What exactly is going on in Syria?

The World
Despite the media spotlight on the refugees, the civil war rages on inside Syria. Here Kurdish fighters take on ISIS.

The position of Syrian dictator Bashar al-Assad is getting weaker, analysts say.

His regime has been battling a rebellion that began in the spring of 2011, as unrest spread across the Arab world.

Assad came to power in 2000 as the heir-apparent to his father, Hafez al-Assad, who had seized power in a military coup in 1970, and had clung to power since by ruling with an “iron fist,” according to Amr al-Azm, professor of history at Shawnee State University in Ohio. Azm is also a supporter of the moderate Syrian opposition. “Essentially,” says Azm, “Bashar al-Assad became president of Syria in what we call a quasi-dynastic succession.”

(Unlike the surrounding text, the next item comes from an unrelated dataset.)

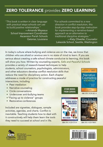 Zero tolerance provides zero learning We know that bullying and violence severely impact children’s ability to learn. If you are serious about creating a safe school climate, this book will show you how.
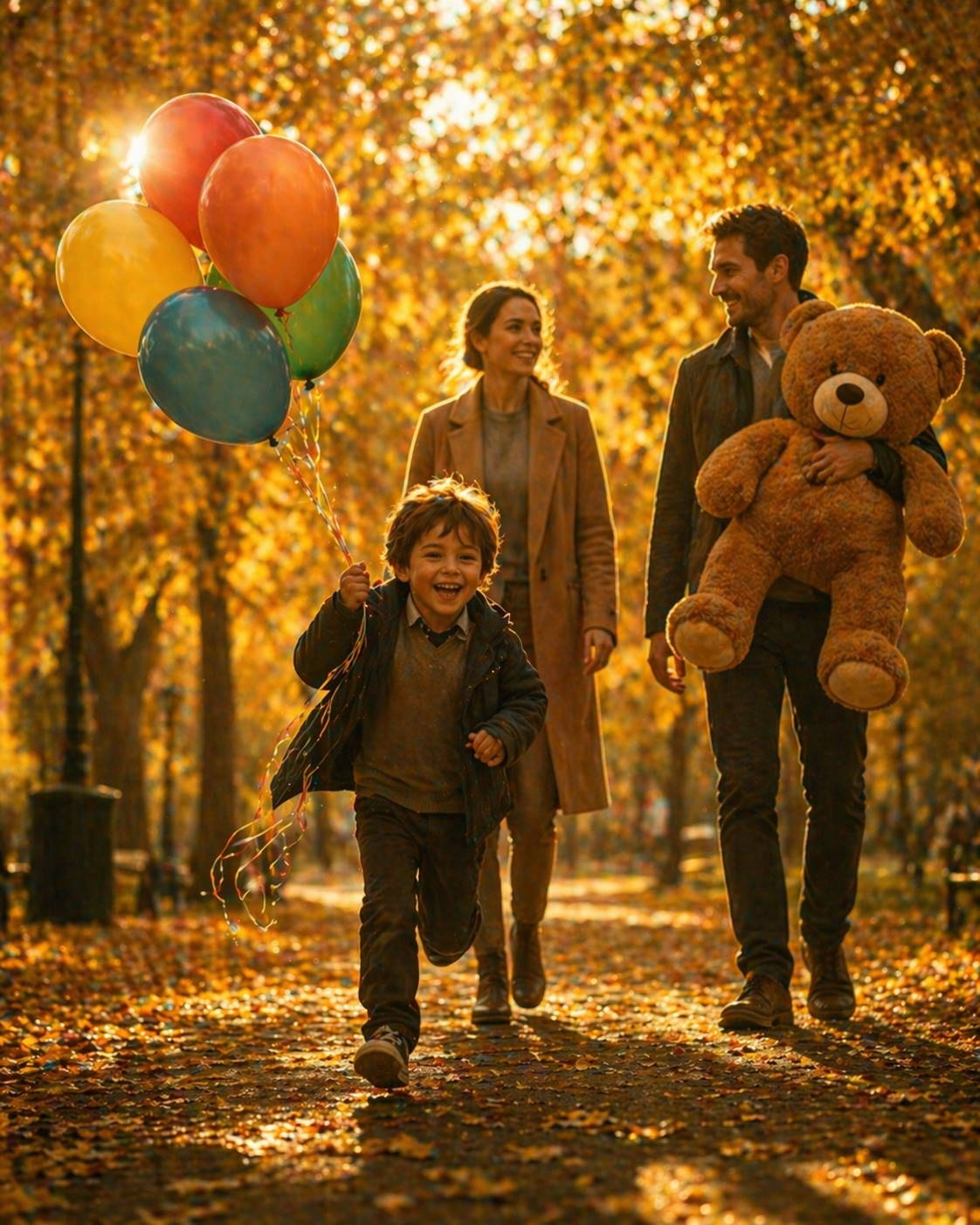 Когда мы возвращались домой, Миша крепко спал на руках у Андрея, обнимая своего нового медведя. Шарики я привязала к ручке коляски — Миша категорически отказался садиться в неё, предпочитая идти самостоятельно. Но к концу прогулки он так устал, что начал капризничать, и Андрей предложил его понести.

Assad has survived to this point by rallying a coalition of minorities within his country, who feel threatened by a possible Sunni Muslim majority take-over, and by cajoling and co-opting some Sunnis. More importantly he has received help from international allies, Iran and Russia, together with Iran’s proxies: the Shiite Lebanese militia, Hezbollah.

Azm says another key reason is that “there has been no real international will to remove him.”

Assad’s enemies are also bitterly divided. There are few remnants left of the liberal idealists who first took to the streets in 2011. There are a few secular groups, and some significant local militias. But otherwise the military opposition to Assad is now dominated by a variety of radical Islamic groups. Most prominent are two: Jabhat al-Nusra, which is linked to al-Qaeda, and the infamous ISIS, which calls itself the Islamic State.

Many of the opposition factions have fought each at different times, and ISIS is currently in conflict with most of them. So the civil war in Syria can currently be described as three-sided. 

Despite these divisions, and despite US and allied bombing against ISIS, the opposition has been making gains since the beginning of 2015. Assad is essentially running out of men, says Azm.

As a result, Russia and Iran have stepped up their assistance. There have been reports over the past month of Soviet fighter-bombers and pilots being based in Syria, and larger facilities being developed at the key port city of Latakia. Military advisers and hardware have also been reported.

These reports led Secretary of State John Kerry to call his counterpart in Moscow to complain this past weekend. But Azm points out there isn’t much the US can do in practical terms.

“Putin has made very clear, since the beginning,” says Azm, “that he will not allow the Assad regime to fall.”

So for now, the war in Syria is set to continue. And so will the flow of refugees.